ICAI investigations in Satyam case in final stages
March, 26th 2010
The Indian government Wednesday allayed apprehensions that accounting regulator ICAI was not working speedily against auditors involved in the accounting fraud in erstwhile Satyam Computers, even as the US counterpart has already banned two such auditors.
"The work is in final phase. ICAI is working on it...We should not say they are not working. We are moving forward," India's Corporate Affairs Minister Salman Khurshid told reporters on the sidelines of a Confederation of Indian Industry (CII) function here.
Earlier this month, the US regulator for auditors, Public Company Accounting Oversight Board (PCAOB), had barred Siva Prasad Pulavarthi and Chintapatla Ravindernath - senior executives with PricewaterhouseCoopers' associate Lovelock &
Lewes, the former auditor for Satyam Computers.
However, the Indian accounting regulator, Institute of Chartered Accountants of India (ICAI), is yet to complete its disciplinary committee hearings against two PriceWaterhouse
auditors involved in Satyam accounting -- S Gopalakrishnan and Srinivas Talluri--who were imprisoned and recently were granted bail.
Khurshid said, "We must keep in mind those two people were imprisoned... We will move forward very quickly... There is no reason to worry on what needs to be done."
The Minister said ICAI is awaiting certain documents, which could not be furnished earlier as the two auditors were in jail.

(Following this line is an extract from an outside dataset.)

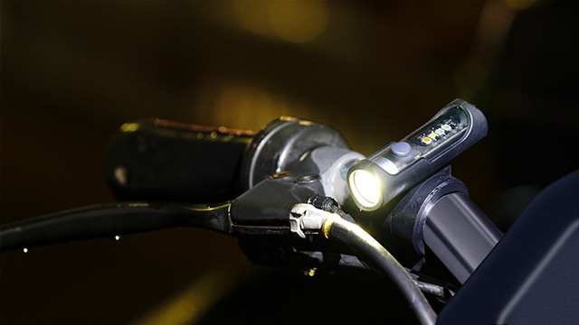 メインライトの照射距離は最大100メートルまで。点灯すると闇を切り裂いて夜道の状況を速やかに確認!
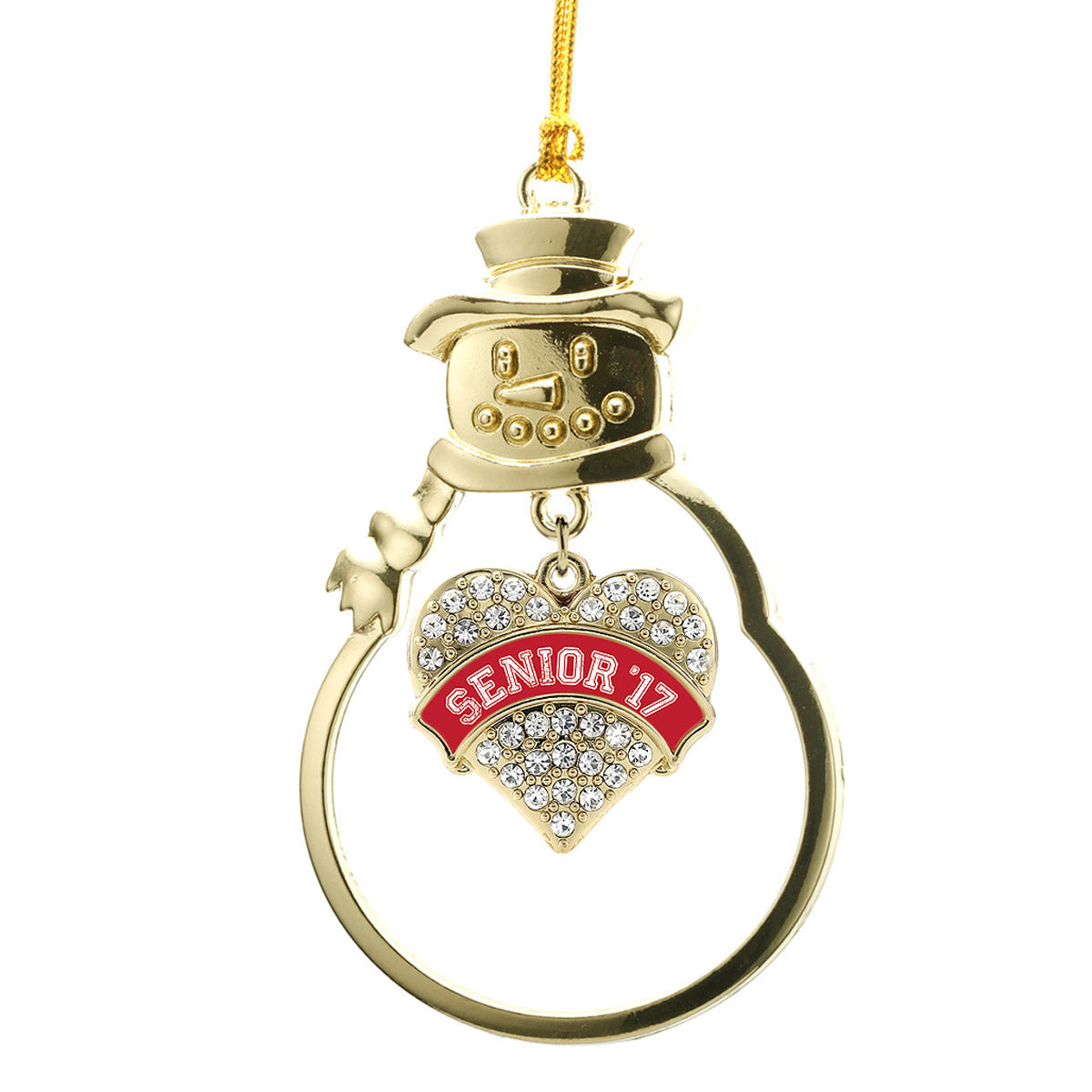 Gold Red Senior 2017 Pave Heart Charm Snowman Ornament

Siva Prasad Pulavarthi and Chintapatla Ravindernath were senior executives with PricewaterhouseCoopers' associate Lovelock & Lewes, the former auditor for Satyam Computers.
LoveLock had undertaken the auditing of Satyam's account for four years between 2004-05 and 2007-08.
Market regulator Securities and Exchange Board of India is also investigating auditors' role among other things in Satyam fraud.
Khurshid said,"I think you can be assured that SEBI will do the best... no timeline, but we are just trying to do the things that need to be done..."
Over Rs 7,000 crore Satyam fraud came into light in January, 2009, when the then Chairman Ramalinga Raju had confessed to overstating the accounts in the balancesheet.